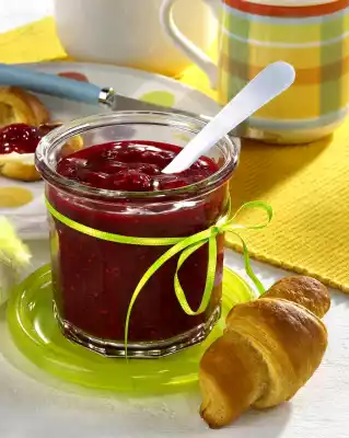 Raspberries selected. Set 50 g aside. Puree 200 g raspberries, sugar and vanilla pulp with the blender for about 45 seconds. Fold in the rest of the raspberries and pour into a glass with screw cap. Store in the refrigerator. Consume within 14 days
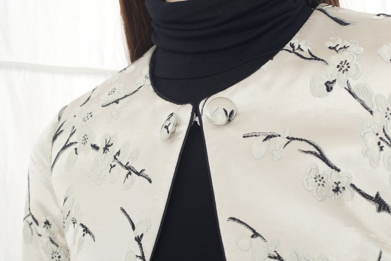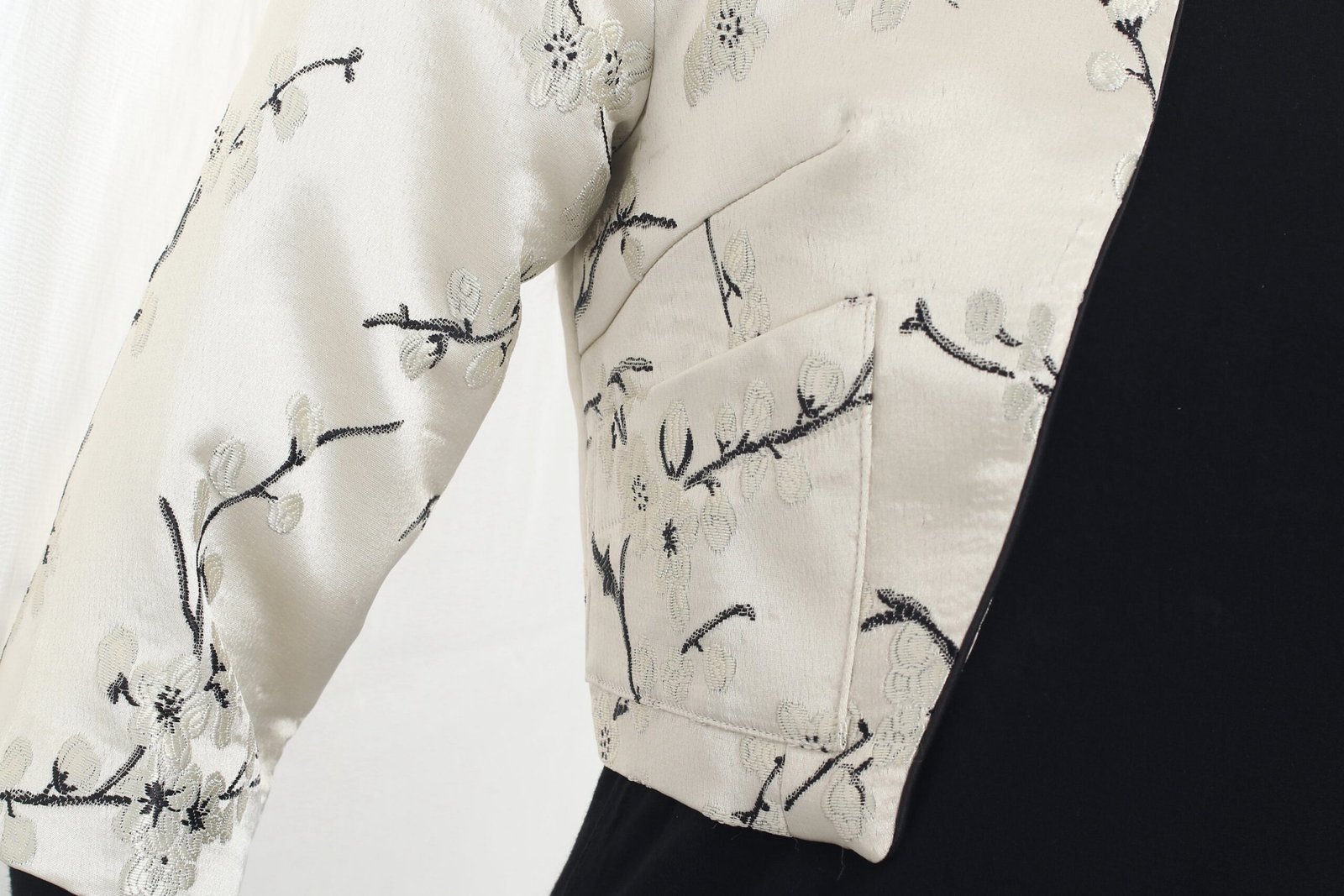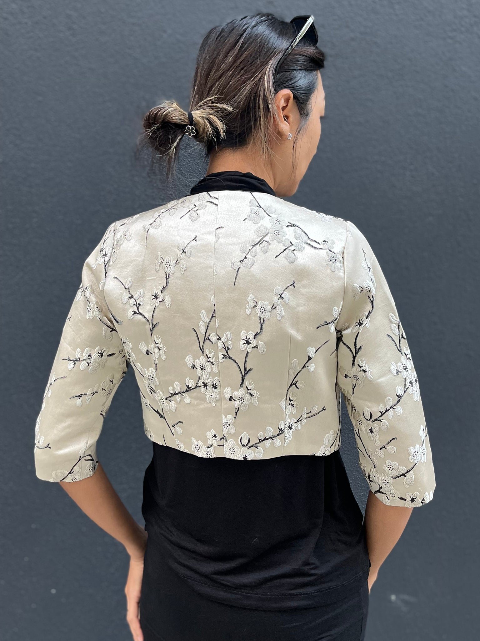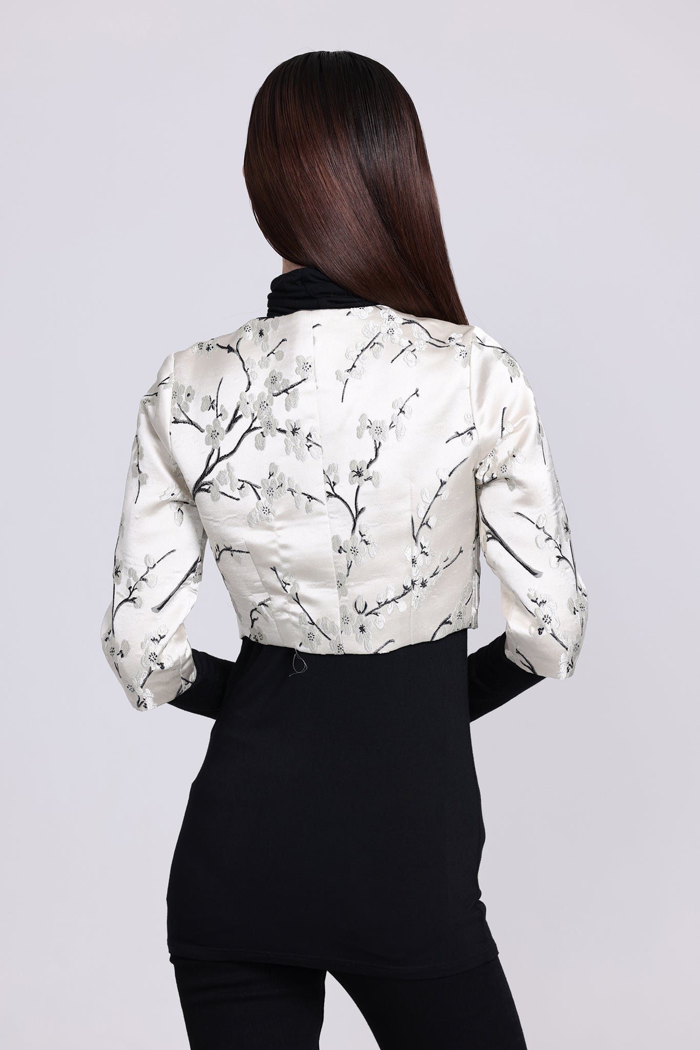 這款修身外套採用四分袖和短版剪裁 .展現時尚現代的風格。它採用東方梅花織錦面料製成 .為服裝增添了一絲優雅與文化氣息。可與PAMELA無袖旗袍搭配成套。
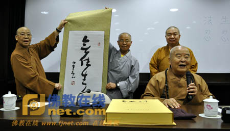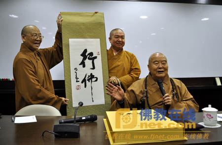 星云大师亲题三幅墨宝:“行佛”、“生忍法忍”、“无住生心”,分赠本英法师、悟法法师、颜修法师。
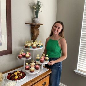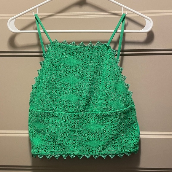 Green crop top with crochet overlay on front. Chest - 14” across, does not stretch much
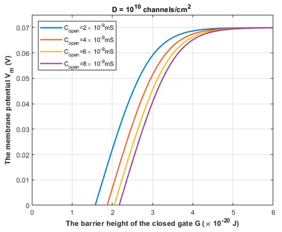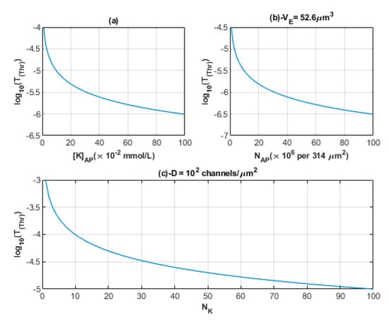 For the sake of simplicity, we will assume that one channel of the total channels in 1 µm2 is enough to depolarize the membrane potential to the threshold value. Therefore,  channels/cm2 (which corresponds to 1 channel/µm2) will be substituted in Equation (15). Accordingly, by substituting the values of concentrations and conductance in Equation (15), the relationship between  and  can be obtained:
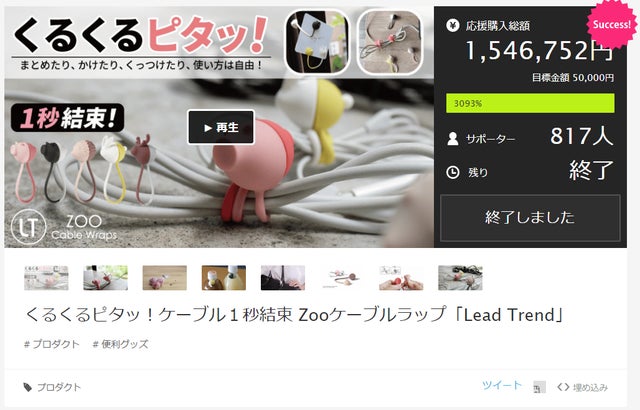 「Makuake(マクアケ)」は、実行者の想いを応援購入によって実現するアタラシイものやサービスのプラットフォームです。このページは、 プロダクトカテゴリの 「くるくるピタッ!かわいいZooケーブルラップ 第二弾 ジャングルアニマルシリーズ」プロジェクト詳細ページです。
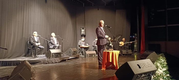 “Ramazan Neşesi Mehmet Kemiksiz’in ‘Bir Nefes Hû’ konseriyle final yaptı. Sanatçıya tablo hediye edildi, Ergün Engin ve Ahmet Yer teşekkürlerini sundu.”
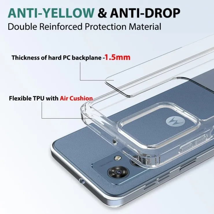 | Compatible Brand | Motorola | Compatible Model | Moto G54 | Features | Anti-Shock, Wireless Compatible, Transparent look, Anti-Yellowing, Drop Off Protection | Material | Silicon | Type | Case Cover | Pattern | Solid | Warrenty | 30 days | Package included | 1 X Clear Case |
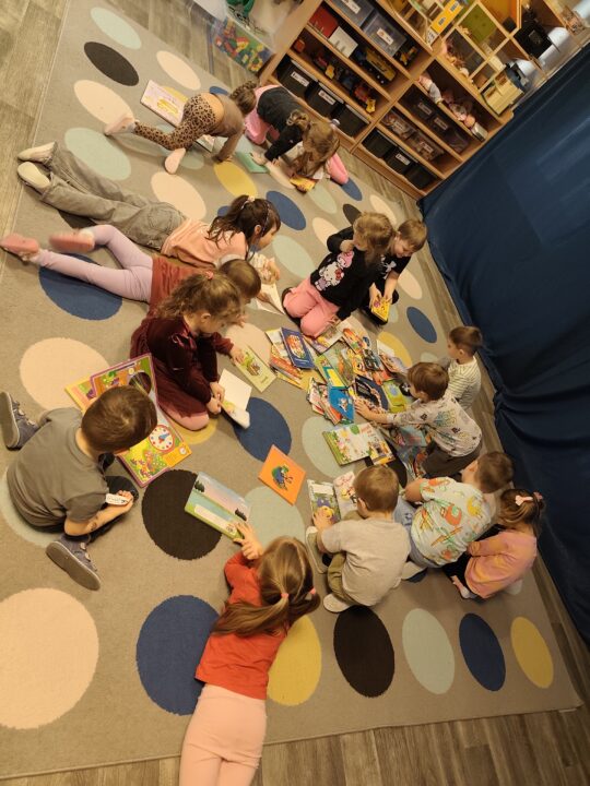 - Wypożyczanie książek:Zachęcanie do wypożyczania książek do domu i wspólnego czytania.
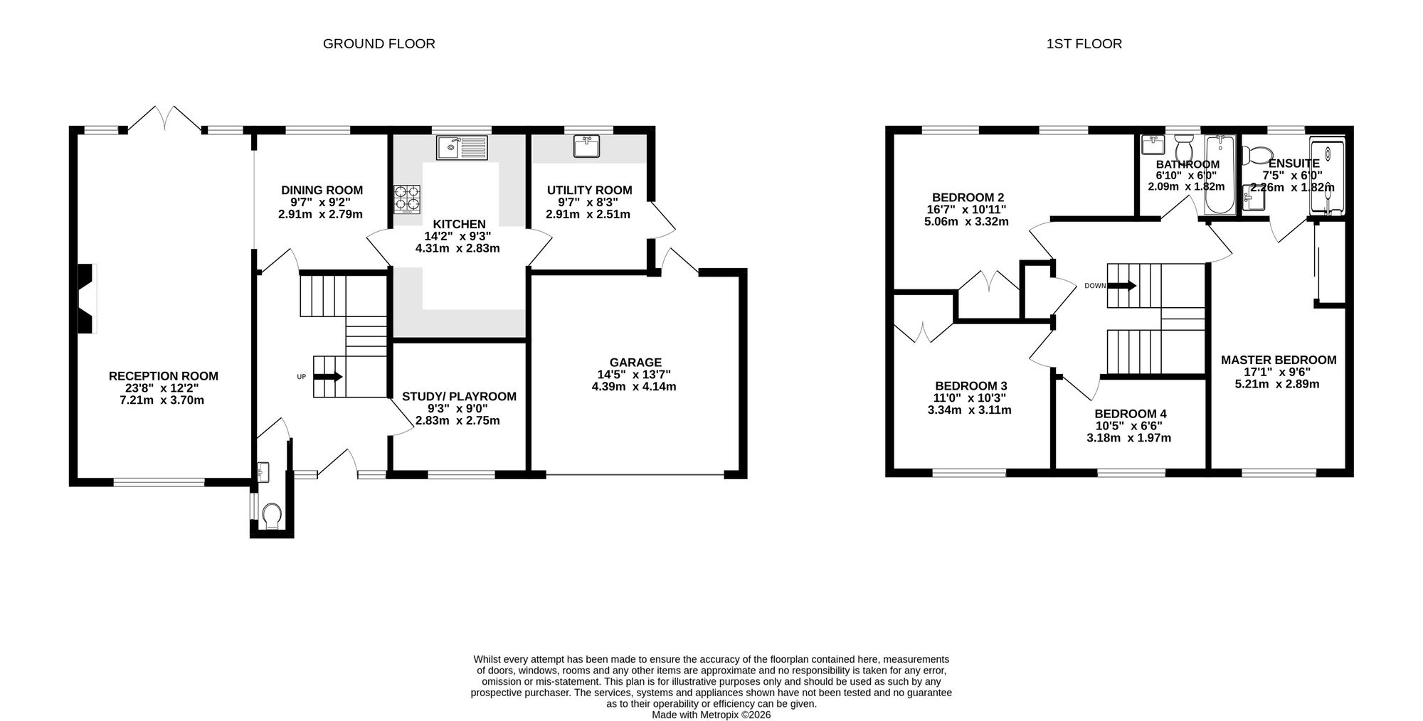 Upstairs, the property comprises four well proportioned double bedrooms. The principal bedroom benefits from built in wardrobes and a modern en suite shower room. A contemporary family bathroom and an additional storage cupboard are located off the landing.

◆ What you will do ◆
The answer must be an exact copy of the lines from the one containing "For the sake" through the last line of the records, with no pictures included.

◆ Answer for the task ◆
 For the sake of simplicity, we will assume that one channel of the total channels in 1 µm2 is enough to depolarize the membrane potential to the threshold value. Therefore,  channels/cm2 (which corresponds to 1 channel/µm2) will be substituted in Equation (15). Accordingly, by substituting the values of concentrations and conductance in Equation (15), the relationship between  and  can be obtained:
 「Makuake(マクアケ)」は、実行者の想いを応援購入によって実現するアタラシイものやサービスのプラットフォームです。このページは、 プロダクトカテゴリの 「くるくるピタッ!かわいいZooケーブルラップ 第二弾 ジャングルアニマルシリーズ」プロジェクト詳細ページです。
 “Ramazan Neşesi Mehmet Kemiksiz’in ‘Bir Nefes Hû’ konseriyle final yaptı. Sanatçıya tablo hediye edildi, Ergün Engin ve Ahmet Yer teşekkürlerini sundu.”
 | Compatible Brand | Motorola | Compatible Model | Moto G54 | Features | Anti-Shock, Wireless Compatible, Transparent look, Anti-Yellowing, Drop Off Protection | Material | Silicon | Type | Case Cover | Pattern | Solid | Warrenty | 30 days | Package included | 1 X Clear Case |
 - Wypożyczanie książek:Zachęcanie do wypożyczania książek do domu i wspólnego czytania.
 Upstairs, the property comprises four well proportioned double bedrooms. The principal bedroom benefits from built in wardrobes and a modern en suite shower room. A contemporary family bathroom and an additional storage cupboard are located off the landing.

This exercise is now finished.